Cellular Decision Making Focus of New IGB Theme

Cellular Decision Making Focus of New IGB Theme

If a cell is damaged, does it repair itself or decide to self-destruct? And just how does the cell make that decision? The Institute for Genomic Biology at the University of Illinois at Urbana-Champaign has announced the formation of a new research theme, Cellular Decision Making in Cancer, to look at those kinds of questions. The new theme will be led by Taekjip Ha, professor of physics and Howard Hughes Medical Institute Investigator, and will “develop a multi-scale narrative of how single-molecule events integrate protein networks to determine cell fate,” says Ha.

“These are all very important processes,” says Ha, of cellular decision-making. “In the case of a viral infection, for example, if the cell makes a wrong decision and thinks there is an infection when there is not, you can end up with an autoimmune disease.”

“The CDMC theme has unique tools at its disposal to help unravel both the complexities of individual cells and of larger systems using an approach different from others interested in the same questions. This work holds promise for personalized medicine and other healthcare advances,” says Harris Lewin, director of the IGB.

Because cancer in particular is the result of cell decision-making run amok, the theme members will focus on that disease.
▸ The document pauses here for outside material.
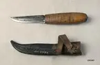 Knivens l.: 19,6 cm, varav knivbladets l. utgör 9,4 cm Ngtr rostig. Brunt skaft. b) Svart läderslida m. ögla. L.: 16,6 cm. Nött. Öglan trasig.
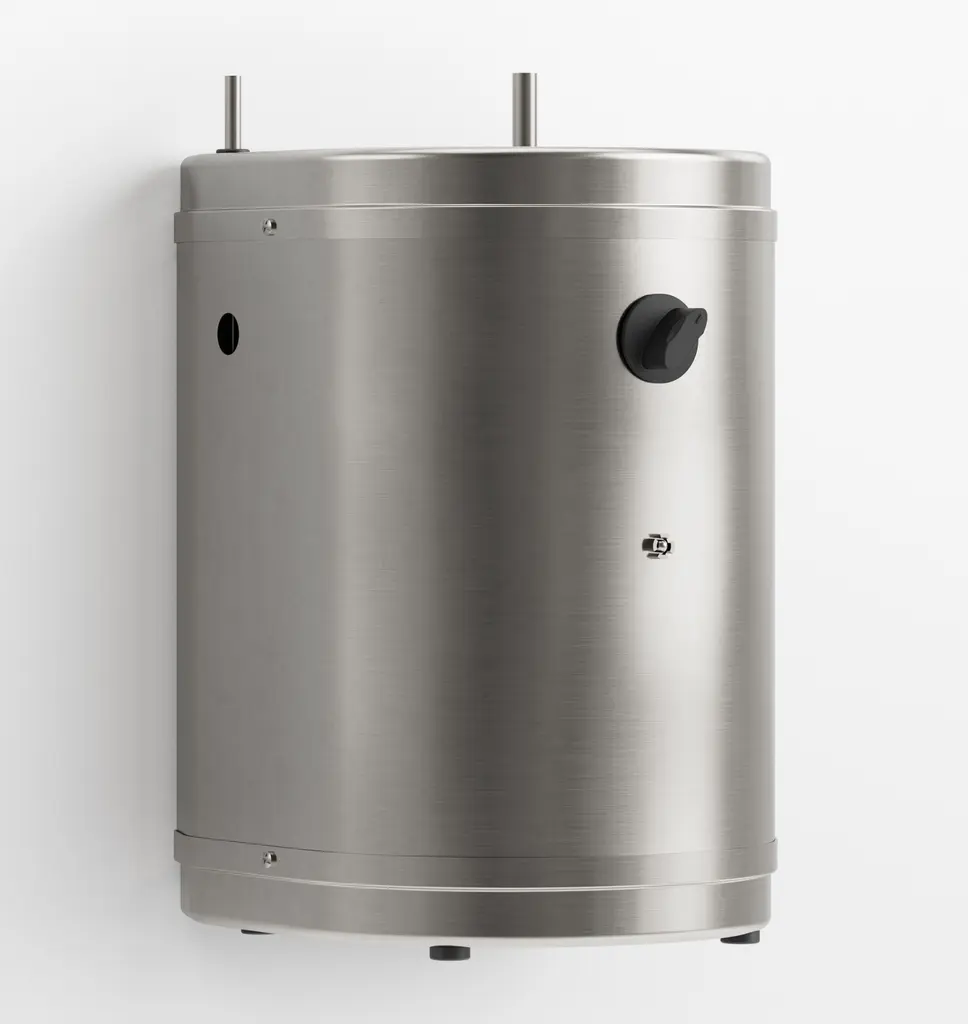 Inspired by Northwest Modern design and crafted in solid brass, our West Slope Gooseneck Hot and Cold Water Dispenser features an insulated spout and dual-handle design. Make a hot cup of tea or fill your water bottle with filtered water in seconds. Available in multiple finish options. Designed in collaboration with Watermark, a plumbing mainstay of Brooklyn, NY for over 30 years, our West Slope Collection features timeless solid-brass fixtures that are manufactured, assembled, and finished in Watermark's Brooklyn Factory. Details You'll Appreciate Insulated spout Includes hot water tank and water filtration system On-demand hot water at 190-degrees Fahrenheit or filtered room temperate water Point of Use Filtration System removes 99.9% of particles over .5 microns Features anti-scale media for protection against scale build-up on the faucet and inside of the hot tank 1,250 gallon capacity - lasts one year based on average usage Water filtration system features 1,250 gallon capacity - lasts one year based on average usage Product Specifications Kit includes faucet, hot water tank and filtration system Hot water tank capacity: 5/8 gallon (2-1/2 quarts) Solid brass faucet trim; stainless steel tank Max flow rate: 1.8 gpm Assembled in the USA of domestic and imported parts

However, because cellular decision making is involved in an array of other activities, the theme will also investigate such activities as cell maintenance, replication, repair, recombination, programmed cell death—apoptosis — as well as the decision by a stem cell to differentiate into a specific type of tissue or a cell’s response to a viral infection, when it will crank up the production of antiviral proteins.

The theme capitalizes on advances over the last few years in single molecule measurements, chemical biology, and computational genomics, which has resulted in techniques unique to IGB and the University. Those tools include FISH, a fluorescent labeling technique in situ (i.e. in vivo) that can image individual mRNA molecule in a single cell, and SiMPull, for “single molecule pull down,” a way to isolate and analyze single protein complexes directly from cell extracts. Currently SiMPull works in 30 minutes with a group of 10 cells and shortly, Ha predicts, it will succeed at the single cell level. Western Blots, the current technique for analysing proteins, takes 5,000 cells, large quantities of reagents and antibodies and many hours to get results.

Because SiMPull can achieve better resolution in less time using fewer resources, Ha believes that the technique will “accelerate the rate of biological discovery.”

The theme includes Paul Hergenrother, a professor of chemistry; Yann Chemla, a professor of physics; Nathan Price, a professor of chemical and biomolecular engineering who is a systems biologist; and Sua Myong, Jian Ma and Cheng Zhong, all of whom are bioengineering professors.